Autonomous Vehicles Powered By 5G Connectivity

Moving outside the home to autonomous vehicles, 5G use cases are even more exciting and futuristic for the connected family. As autonomous vehicles continue to be tested and refined on our streets, we’re all waiting for the day when they can drive us to work or drive the kids to soccer practice. With 5G, we may finally have the network infrastructure necessary to support autonomous vehicles at scale.

While continued advances in machine learning and artificial intelligence are the primary component that will enable autonomous vehicles to become a reality, 5G has a very important part to play as well by enabling vehicle-to-vehicle (V2V) communication. With V2V, autonomous vehicles will have the means to be aware of their surroundings by communicating with the other vehicles around them. Obviously, this level of awareness would lay the framework to address a critical safety issue with autonomous vehicles that limits their acceptance and widespread adoption.
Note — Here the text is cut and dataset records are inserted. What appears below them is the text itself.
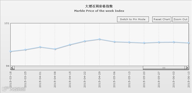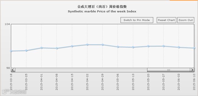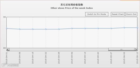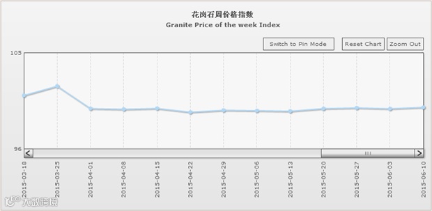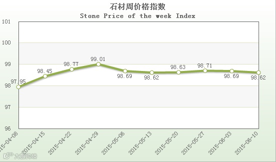 据“中国·水头石材指数”系统监测,20150610期石材周价格指数收报于98.62点,环比略下滑0.07点,下滑约0.07%。本周石材价格指数继续微幅下调,市场价格行情持续下滑,其中除了花岗石价格小幅逆势回升外,大理石、其他石材类、合成大理石类价格则均有所下调。本周少数库存石材品种继续降价清仓处理,部分品类因市场竞争加剧、需求继续回缩,价格持续小幅下调。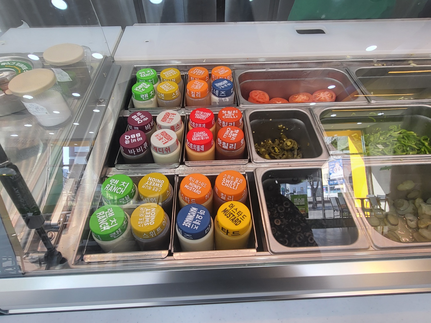 메뉴선택과 빵 선택, 크기, 각종 야채류 중 원치 않는 종류가 있는지 점원이 확인합니다. 마음에 드는 소스까지 고르면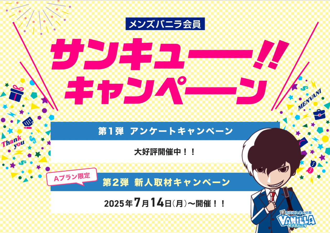 ●本日より、メンズバニラにて、『 サンキューーー!!キャンペーン(第2弾:新人取材キャンペーン) 』を開催いたします!

5G and the Connected Family 

The just-discussed examples are just the tip of the iceberg when it comes to 5G use cases. The opportunities are endless but so are the potential risks for families. Whether its screen time addiction, distracted driving, or under-developed social skills, these digital parenting challenges will only be accentuated by 5G.
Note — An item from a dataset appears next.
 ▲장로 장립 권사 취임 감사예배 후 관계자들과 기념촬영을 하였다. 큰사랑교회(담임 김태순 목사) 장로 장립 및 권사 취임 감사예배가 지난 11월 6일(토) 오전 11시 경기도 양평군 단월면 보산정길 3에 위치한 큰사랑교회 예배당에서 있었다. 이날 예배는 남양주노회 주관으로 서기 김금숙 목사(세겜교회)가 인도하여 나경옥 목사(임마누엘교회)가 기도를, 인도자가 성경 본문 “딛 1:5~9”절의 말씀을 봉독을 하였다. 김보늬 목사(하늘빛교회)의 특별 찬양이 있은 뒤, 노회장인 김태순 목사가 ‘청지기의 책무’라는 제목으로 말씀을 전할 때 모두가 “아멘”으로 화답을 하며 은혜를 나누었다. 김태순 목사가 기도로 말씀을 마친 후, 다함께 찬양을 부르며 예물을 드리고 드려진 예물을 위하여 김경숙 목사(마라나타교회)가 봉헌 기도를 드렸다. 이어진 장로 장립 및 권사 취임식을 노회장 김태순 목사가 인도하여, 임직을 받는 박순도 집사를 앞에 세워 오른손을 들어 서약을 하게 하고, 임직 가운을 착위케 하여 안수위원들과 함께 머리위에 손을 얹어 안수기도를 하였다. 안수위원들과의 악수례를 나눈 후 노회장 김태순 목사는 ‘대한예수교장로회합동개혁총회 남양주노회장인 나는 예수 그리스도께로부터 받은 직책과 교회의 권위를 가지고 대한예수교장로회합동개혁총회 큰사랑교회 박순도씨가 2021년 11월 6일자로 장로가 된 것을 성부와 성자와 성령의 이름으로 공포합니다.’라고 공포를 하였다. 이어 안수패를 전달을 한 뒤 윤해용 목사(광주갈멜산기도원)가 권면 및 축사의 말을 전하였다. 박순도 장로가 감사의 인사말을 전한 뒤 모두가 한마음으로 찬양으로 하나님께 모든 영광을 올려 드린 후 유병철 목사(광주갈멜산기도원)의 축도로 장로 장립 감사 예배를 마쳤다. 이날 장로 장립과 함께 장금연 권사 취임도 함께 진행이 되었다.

“Old fashioned” practices like establishing boundaries, discussing risky online behaviors, and implementing “screen free” time become even more relevant in the emerging 5G era. When facilitated by a comprehensive digital family safety solution like SafePath®, these worthwhile digital parenting practices will be less intrusive for kids and more streamlined for parents. Features like rewards, time limits, and real-time tracking enable parents to be proactive and digitally conscious while not overbearing.

With its lightning-fast speeds, low latency and new wireless use cases, 5G will, without doubt, fortify the synapses that power our digital lifestyles. What is far from certain is how connected families will manage its impact on personal development, digital wellness, and the ability to construct and maintain meaningful interpersonal relationships.